Today, I saw clearly for the first time in...what...24 years!...without the aid of glasses. I got my trial contact lenses in from the optician. Learning to put them in and take them out went pretty fast, but taking them out again this afternoon was a bit of an ordeal. I still have a touch of that eyeball-touching phobia. I can't feel the right lens at all once it's in, but the left one, the toric one for the astigmatism, doesn't feel like it fits quite right. Maybe it's just the way toric lenses feel, I have no idea. But everything looks nice and clear, so I'm happy.
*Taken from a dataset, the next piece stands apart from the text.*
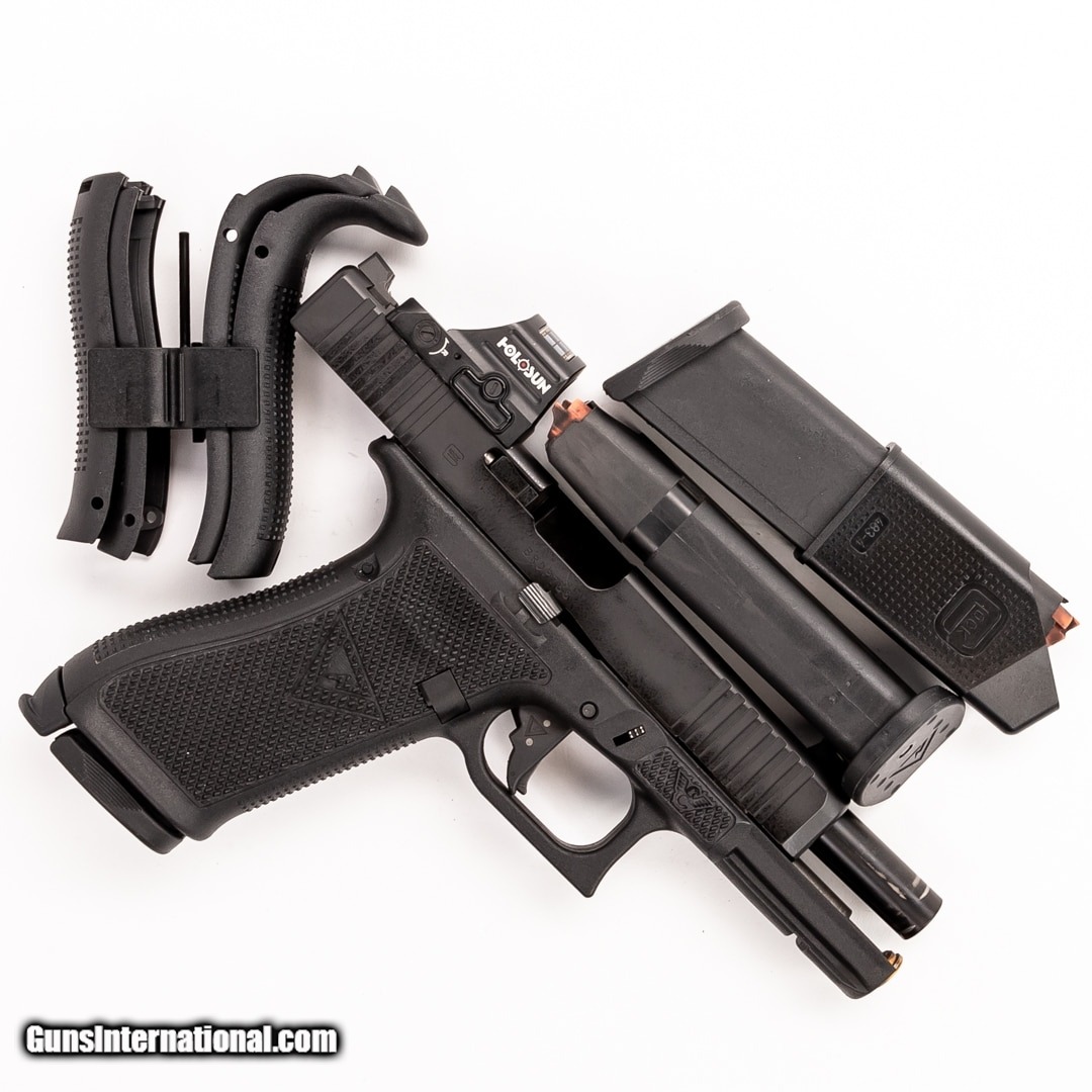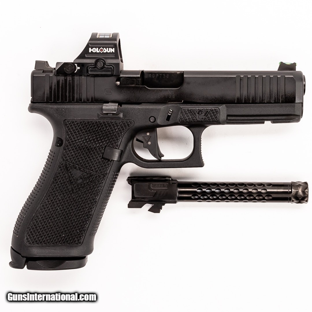 Description: Guns Listing ID: 365491 Wilson combat is an elite brand, Larry Vickers is a trusted leader in the firearms industry, and Glock has a trusted legacy that has withstood decades of faithful service throughout the world. The marriage of all of these aforementioned contributors has produced a quality duty handgun. The Wilson Compat 17 Gen5 Vickers Elite is a custom Gen 5 Glock 17 that has a custom texture on the grips, a custom tuned action and trigger, an Armor-Tuff slide, Battlesights with a green fiber optic front sight, and several Vickers Elite parts such as; a tactical magazine release, tactical grip plug, tactical magazine baseplates, and tactical slide stop. This handgun includes three 17-round magazines, a Holosun 507C, a threaded Rev Tech barrel, backstraps, and the original case with the manual. SOLD Manufacturer: GLOCK Model: WILSON COMBAT 17 GEN5 VICKERS ELITE Caliber Info: 9MM LUGER Condition: Used - Certified Barrels: 4.5 BARREL Finish: BLACK |

Having corrected peripheral vision is weird. It seems like there's just more going on visually, so even though everything's sharp and clear, it looks a little surreal. The most distinct change, though, is a difference in depth perception. Things look more deeply textured, and things above and below my visual horizon look bigger than usual somehow, like the moon illusion, but with everything. The DVD cases on the top row at the video store looked as big as magazines, and my feet look considerably bigger too. I laughed about that for about 10 minutes straight when I noticed -- I must have looked like a loon, but really, looking at them, there was a sense that these do not look like my feet, yet they clearly are. Like the man who mistook his wife for a hat. Scott says "well, you know what they say, if your feet look bigger..." But I haven't checked yet.
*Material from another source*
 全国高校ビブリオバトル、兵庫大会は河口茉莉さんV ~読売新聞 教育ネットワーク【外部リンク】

I also haven't seen my own face clearly from more than a foot away in a mirror without glasses for 24 years. How's that for a mind-fuck? Turns out, I am so fucking handsome. Ok, I'm exaggerating, but it was an interesting sensation. My eyes look a bit bigger for one thing, but my face looks longer, so it evens out. I see more of my dad in my features than I'm used to seeing. (At least it's my dad when he was still a skinny sailor boy and not the beer-bellied, balding dad, as he was by the time he was my age. Having kids and a serious alcohol problem will do that to you, they say.)

One of the first things I did upon leaving the optician was to stop at a convenience store and buy a cheap pair of sunglasses off the rack by the cash registers. I've always wanted to do that. Now I can look cool in my cheap shades.

It's a funny thing, when I was younger, I didn't care much about my appearance and considered it superficial to spend much time worrying about it. It was really some kind of self-esteem mental block, I think. Slowly over the last several years or so, that's changed somewhat, and now when I look in the mirror, I honestly think I'm more attractive at nearly 35 than I was when I was 25. Not that I do much different now, although I do get more regular haircuts, make more of an effort to find flattering clothes, and watch my weight a little more closely. Of course, I don't know what my 25 year-old self would have to say, but fuck that guy. Actually, he was more attracted to 35 year-old men than other 25 year-olds too, so he'd probably agree. I'm even cool with the salt-n-pepa that's slowly taking over my whole head. It looks distinguished.